Need help in extracting contents of online pdf

NAVEEN MOHANDAS 21 Reputation points
2022-08-08T16:41:54.97+00:00

Hi all ,

    So my task is to scrape contents of an online pdf . I have made some progress and converted the response to stream .  

i am able to write the file when url is "http://www.africau.edu/images/default/sample.pdf"

Dim req As WebRequest=WebRequest.Create("http://www.africau.edu/images/default/sample.pdf")
Dim res As WebResponse=req.GetResponse()
Dim dataStream As Stream=res.GetResponseStream()
Dim reader As New StreamReader(dataStream)
Dim filecontents()As Byte=Encoding.UTF8.GetBytes(reader.ReadToEnd())
File.WriteAllBytes("mypdf.pdf",filecontents)
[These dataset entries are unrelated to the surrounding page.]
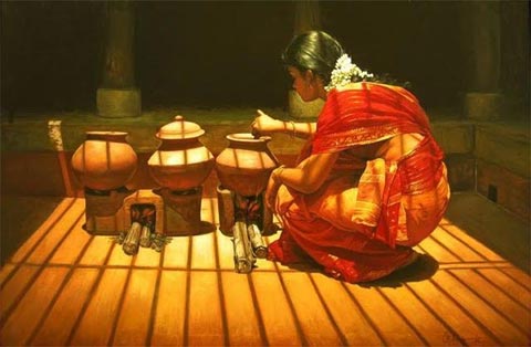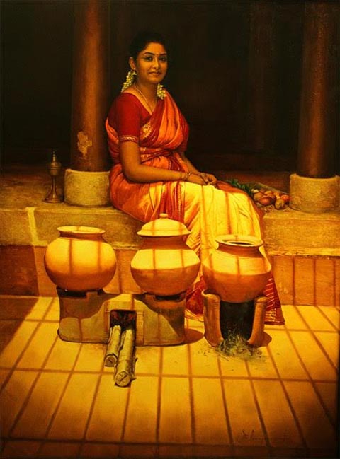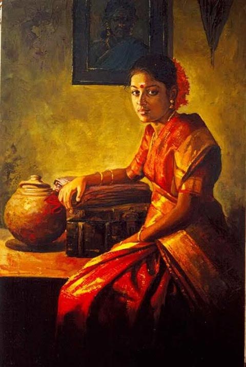 S Elayaraja is known for his oils and has embarked a renowned place in the world of art. He draws his inspiration from the land where he was brought up and portrays them onto his canvas will million microns of richness and vibrant colors. He mainly focuses on the Tamil women, their culture, tradition and lifestyle and paints his observations with such finesse that people often misinterpret it as a lens captured photograph. S Elayaraja �s paintings are a blast of emotions and expressions revealing the story of each woman he paints. This realistic artist successfully brings out the essence of a peaceful village life soothing the eyes who has only witnessed the exhausting urbanization.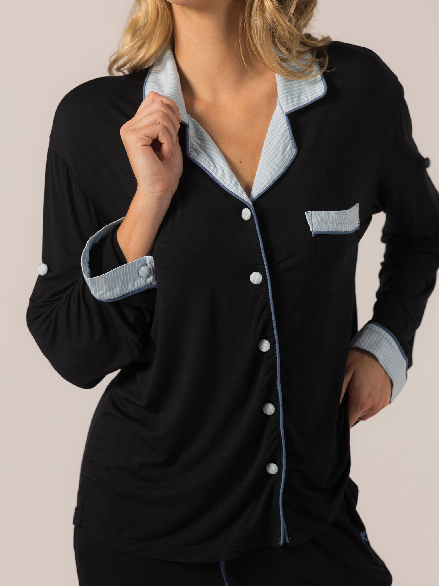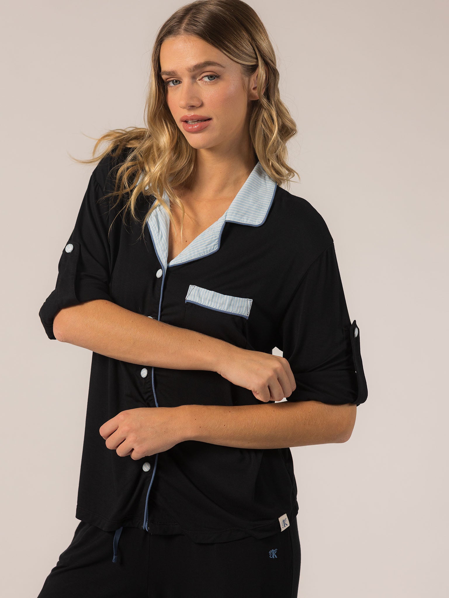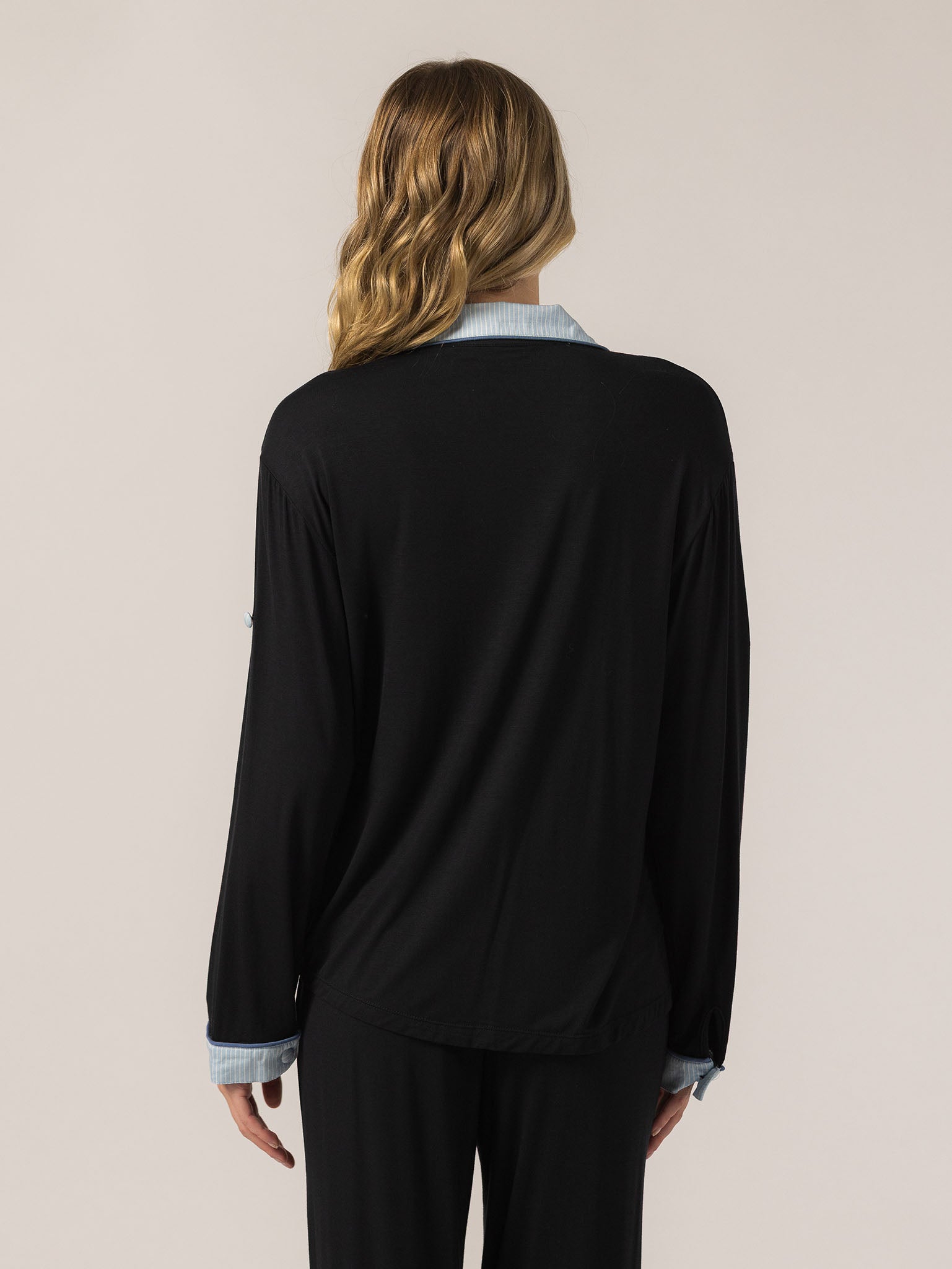Slip into effortless luxury with the Rose PJ Long Sleeve Set. Made from our signature ultra-soft Rose fabric, this breathable set features a classic button-up top with chest pocket and straight-leg pants with contrast piping and an adjustable waistband. It’s lightweight, cozy, and elevated—just how I like to unwind. – Keleigh ♡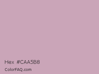 Hex #caa5b8 Color is a light rose color and the nearest color is Lily #c8aabf. Hex code #caa5b8 and RGB value is rgb(202,165,184). In RGB color space, this color is composed of 79% red, 65% green, 72% blue, In CMYK color space, this color is composed of 0% cyan, 18% magenta, 9% yellow , 21% black , In HSL color space, this color has a hue angle of 329° , 26% saturation and 72% lightness.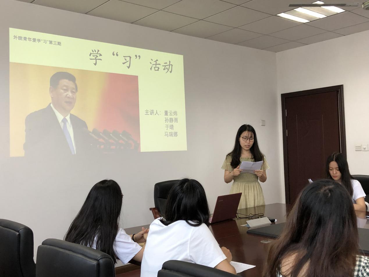 6月5日,外国语学院本科生联合党支部顺利完成外院青年爱学“习”接力活动第三棒——习总书记事迹学习。校党委委员、图书馆馆长王成华,外国语学院党委副书记梁薇,英语与日语系联合党支部书记、英语系主任姜礼福,辅导员盛嘉贤以及外国语学院本科生联合党支部成员共同参与。
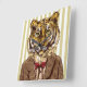 This design features a tiger wearing a smart jacket and red bow tie.

but i was testing the code for another pdf "https://efile.fara.gov/docs/7070-Exhibit-AB-20220113-1.pdf" as well and this pdf is saying file corrupted when i open it . On further analysis found that this pdf has written with FlateDecode. So i tried using DeflateStream class but still no luck.
Dim buffer As New StringBuilder()
Dim req As WebRequest=WebRequest.Create("https://efile.fara.gov/docs/7070-Exhibit-AB-20220113-1.pdf")
Dim res As WebResponse=req.GetResponse()
Dim dataStream As Stream=res.GetResponseStream()
Dim compressStream As DeflateStream=New DeflateStream(dataStream,CompressionMode.Decompress)
Dim reader As New StreamReader(compressStream)
Console.WriteLine(reader.ReadToEnd())
Dim filecontents()As Byte=Encoding.ASCII.GetBytes(reader.ReadToEnd())
File.WriteAllBytes("mydocument.pdf",filecontents)

Exception
08/08/2022 12:34:49 => [Debug] Execution started for file: Main
08/08/2022 12:34:51 => [Info] pdfpagecount execution started
08/08/2022 12:34:59 => [Error] Invoke code: Exception has been thrown by the target of an invocation.
08/08/2022 12:34:59 => [Info] pdfpagecount execution ended in: 00:00:07
08/08/2022 12:34:59 => [Error] RemoteException wrapping System.Reflection.TargetInvocationException: Exception has been thrown by the target of an invocation. ---> RemoteException wrapping System.IO.InvalidDataException: Found invalid data while decoding.
at System.IO.Compression.Inflater.DecodeDynamicBlockHeader()
at System.IO.Compression.Inflater.Decode()
at System.IO.Compression.Inflater.Inflate(Byte[] bytes, Int32 offset, Int32 length)
at System.IO.Compression.DeflateStream.Read(Byte[] array, Int32 offset, Int32 count)
at System.IO.StreamReader.ReadBuffer()
at System.IO.StreamReader.ReadToEnd()
at UiPathCodeRunner_32007da9d8904936b77f16cd351da8de.Run()
--- End of inner exception stack trace ---
at System.RuntimeMethodHandle.InvokeMethod(Object target, Object[] arguments, Signature sig, Boolean constructor)
at System.Reflection.RuntimeMethodInfo.UnsafeInvokeInternal(Object obj, Object[] parameters, Object[] arguments)
at System.Reflection.RuntimeMethodInfo.Invoke(Object obj, BindingFlags invokeAttr, Binder binder, Object[] parameters, CultureInfo culture)
at System.RuntimeType.InvokeMember(String name, BindingFlags bindingFlags, Binder binder, Object target, Object[] providedArgs, ParameterModifier[] modifiers, CultureInfo culture, String[] namedParams)
at UiPath.Activities.System.Utilities.InvokeCode.CompilerRunner.Run(Object[] args)
at UiPath.Activities.System.Utilities.InvokeCode.NetCodeInvoker.Run(String userCode, List1 inArgs, IEnumerable1 imps, Object[] args)
at UiPath.Core.Activities.InvokeCode.Execute(CodeActivityContext context)
at System.Activities.CodeActivity.InternalExecute(ActivityInstance instance, ActivityExecutor executor, BookmarkManager bookmarkManager)
at System.Activities.ActivityInstance.Execute(ActivityExecutor executor, BookmarkManager bookmarkManager)
at System.Activities.Runtime.ActivityExecutor.ExecuteActivityWorkItem.ExecuteBody(ActivityExecutor executor, BookmarkManager bookmarkManager, Location resultLocation)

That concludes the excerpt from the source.